One of those cases in which a photographer "can spend time on a story," says Rosillo.

“Before there was more paper, more options to 'make potholes', as they say in the slang, but the important thing is to always be available.” Another of his photos, which was the cover of the newspaper, is the view from the sky of a devastating fire in Mati (Greece). “I used a drone that I carry for these cases.” Resources aside, what it has been about, for 44 years, as Gallego-Díaz concludes, is to do “journalism understood as a commitment of truth and sincerity".

The portrait turned into a poster of a martyr

Cristóbal Manuel, editor-in-chief of Photography, explains that a normal day in the newspaper "begins the night before, with the forecast of the news and reports to be covered."

"Before, when there was only paper, they looked for synthesis images, but now with the web the development is longer, and a photo gallery can have up to 30 images."

Regarding the style of EL PAÍS, the commitment to the truth stands out.

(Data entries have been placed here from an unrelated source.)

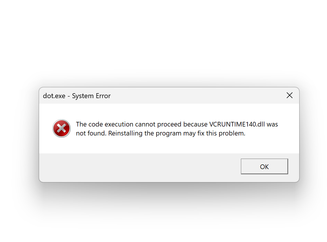 | Description | Some Windows machines lack vcruntime140.dll which is required by Dot. And Dot is required by PlantUML for generating diagrams. CaseTalk should check the absence of it, and prevent a system dialog by dot.exe. It is confusing. | ||||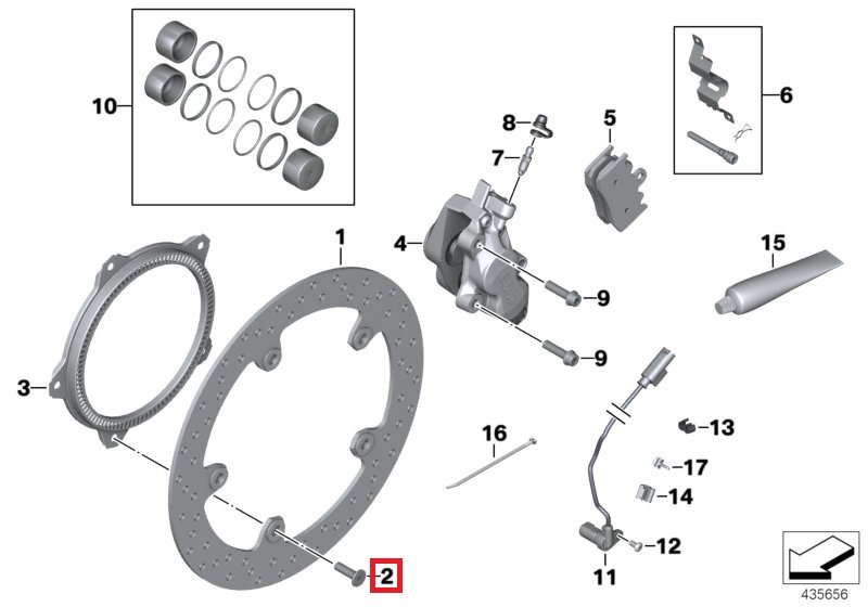 To mały, ale bardzo ważny element serwisowy — szczególnie przy wymianie tarczy hamulcowej lub remoncie przedniego układu hamulcowego.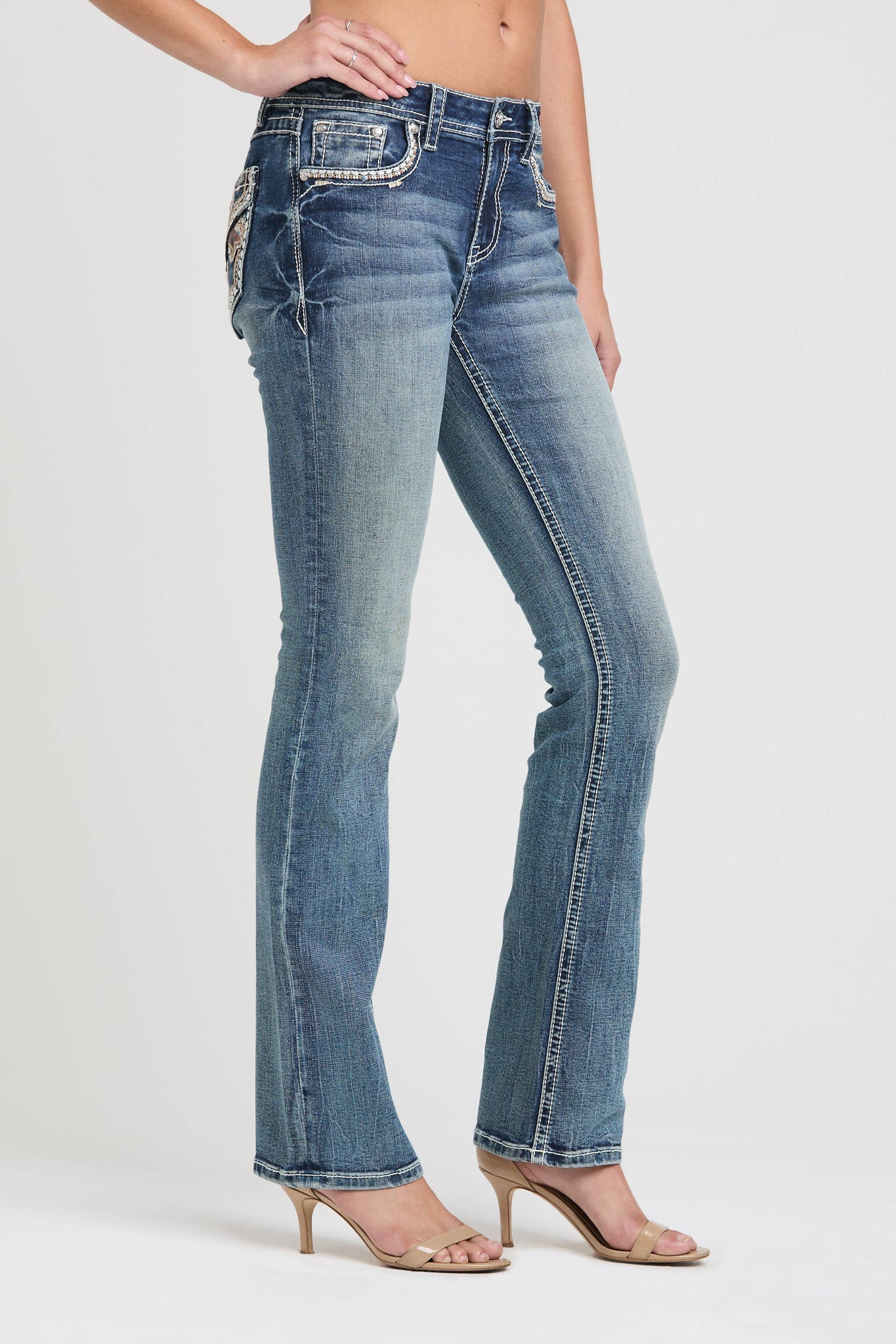 The grace in la women's bootcut jean in easy fit sits right at the waist to create a hip hugger feel on the hips and thighs. The jean is a cross detailed with medium blue wash. They look like they’ve been yours forever, with details like distressing, sanding, and whiskering. So go ahead and make it official—your new bootcut jean is just a click away.

“In this profession you can cheat, but we don't look for it.

We make clean images, without wide angles, and oblivious to the fashions and effects that they try to manipulate. "From his photos in the exhibition, he remains with the portrait he made of Omran Shaban, the militiaman who caught Gaddafi, who posed with the guns of the dictator, in Misrata, in 2011. "It was in a hotel room. Later, he died and my image has been used by his poster admirers to represent him as a martyr."